= Activity =
Could you show all lines in the entries below that contain the string "Saúde"?

(Data excerpts)
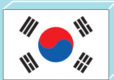
대한민국 [ 군산시 ]
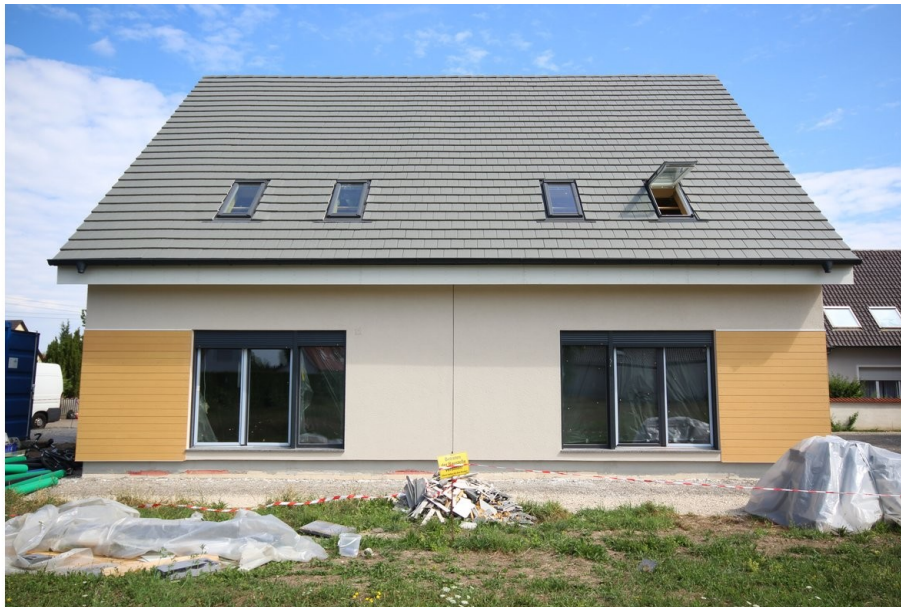
Hausansicht mit Gartenbereich
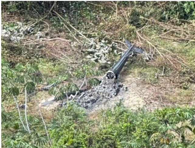
Aeronave prestava serviço ao Ministério da Saúde

Dois indígenas morreram em um acidente de helicóptero ocorrido na segunda-feira (7) na Terra Indígena Yanomami, em Roraima. A aeronave prestava serviço contratado pelo Ministério da Saúde por meio da empresa Voare Táxi Aéreo. Outras três pessoas que estavam a bordo foram resgatadas com vida e levadas para atendimento médico em Boa Vista. A informação é do diretor de Segurança Operacional da Voare, Haroldo de Sousa, ontem (8).
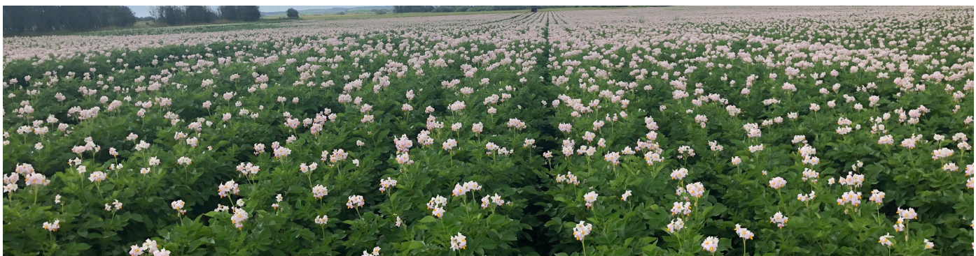
Fyone i blomst

Udbyttet i Fyone er over udbyttet i Kuras. Det viser forsøg i flere år både på den lette j1 jord i Midtjylland og på Nordjysk sandjord ved Dronninglund. Erfaring tyder på, at sorten også klarer sig godt under uvandede forhold. Stivelsesprocenten er middel, og udover en særdeles høj skimmelresistens har Fyone resistens mod den almindelige kartoffelbrok type 1. Skal der nævnes svagheder ved Fyone, så kan den danne hule knolde, og den er langsom til at blive skindfast. Det sidste betyder, at den formodes at være mindre egnet til lagring i hus, hvor tørring kan tage for lang tid. Fyone har et relativt lavt N-behov.
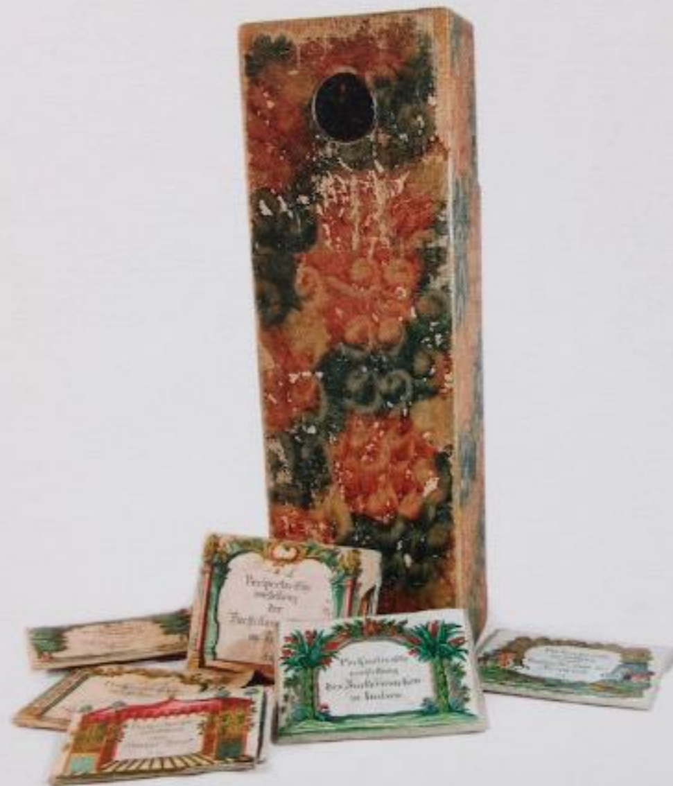
Théâtre d'optique d'Engelbrecht 49 x 16 x 11 cm Allemagne, seconde moitié du XVIII e siècle
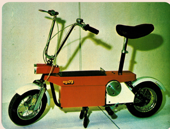
Български електрически скутер EP73

ва, разбира се, от батерията, която вече е една, но с 24 волта напрежение. Зад ел-двигателя пък е изведен конектор, за да може тя удобно да се зарежда от токоизправител в дом. условия, без да се сваля. Батерията има капацитет 55 Ah и позволява 48 км пробег при 10-ч. режим на зареждане. Тя тежи 25 кг. Ел-двигателят има 0,25 kW мощност и прави 4000 об/мин.
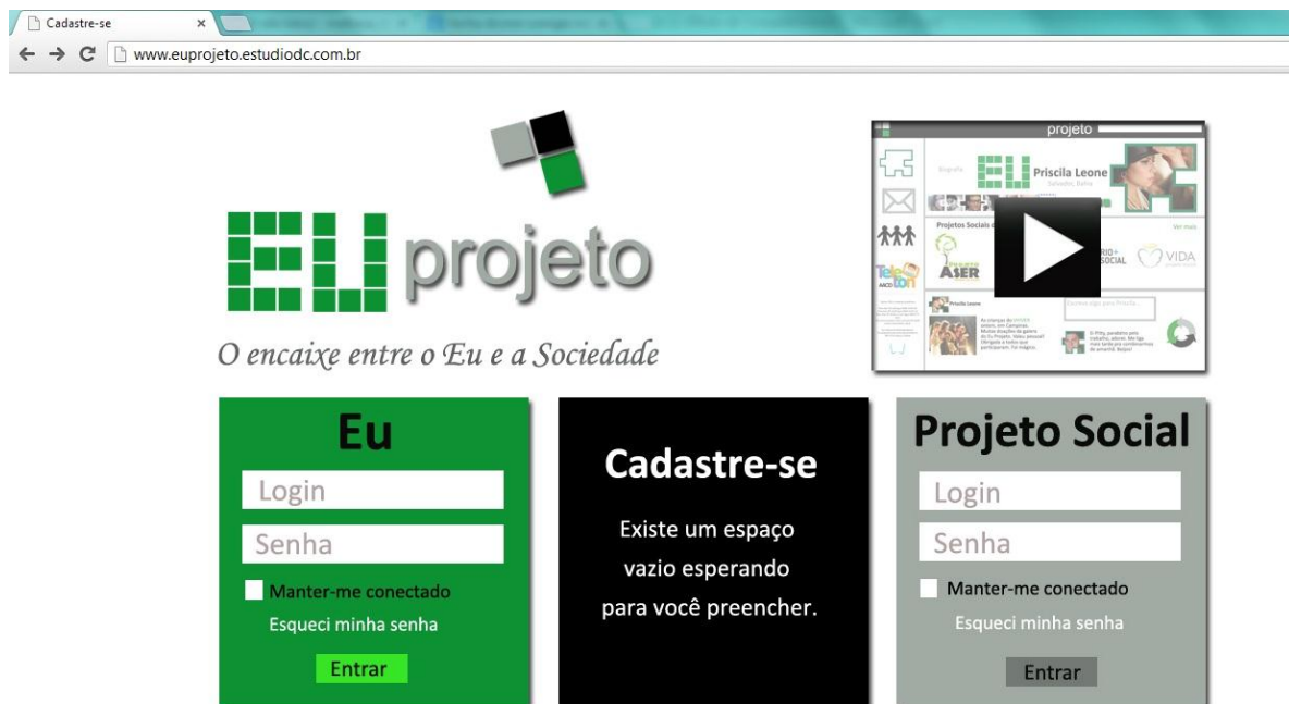
Figura 2 ó Página Principal

Ao fazer o login , o usuário é direcionado para sua página inicial, conforme pode ser visualizado na Figura 3. Na página inicial, o usuário visualiza suas mensagens e seus novos colaboradores (amigos). Não é preciso aceitar essa amizade, a colaboração não é um pedido, é uma participação nos perfis dos cidadãos e instituições que simbolizam a cooperação entre eles. O usuário também tem acesso às suas atualizações, que são representadas pelo ícone em forma de ponto de exclamação, para dar ênfase de importância e atualização. A participação do usuário na mídia digital é medida pelos projetos sociais que ele já participou e pelas ajudas que ele forneceu. É representada pelos blocos da logo, formando uma pirâmide de seis blocos. Um usuário que tenha pouca participação terá
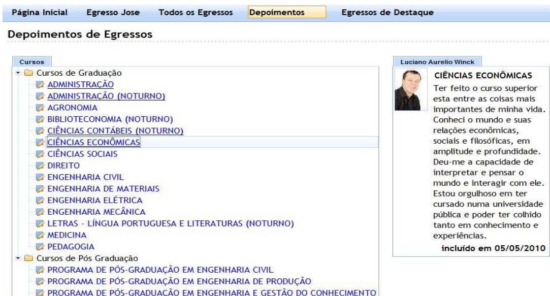
Figura 5 –Publicação dos depoimentos dos egressos

Além das telas apresentadas, o administrador do Sistema de Acompanhamento dos Egressos tem acesso às análises dos questionários coletados, dos e-mails enviados sobre ocorrências demandadas pelos egressos, assim como outras situações não previstas.

= Solution to this problem =
Aeronave prestava serviço ao Ministério da Saúde
Dois indígenas morreram em um acidente de helicóptero ocorrido na segunda-feira (7) na Terra Indígena Yanomami, em Roraima. A aeronave prestava serviço contratado pelo Ministério da Saúde por meio da empresa Voare Táxi Aéreo. Outras três pessoas que estavam a bordo foram resgatadas com vida e levadas para atendimento médico em Boa Vista. A informação é do diretor de Segurança Operacional da Voare, Haroldo de Sousa, ontem (8).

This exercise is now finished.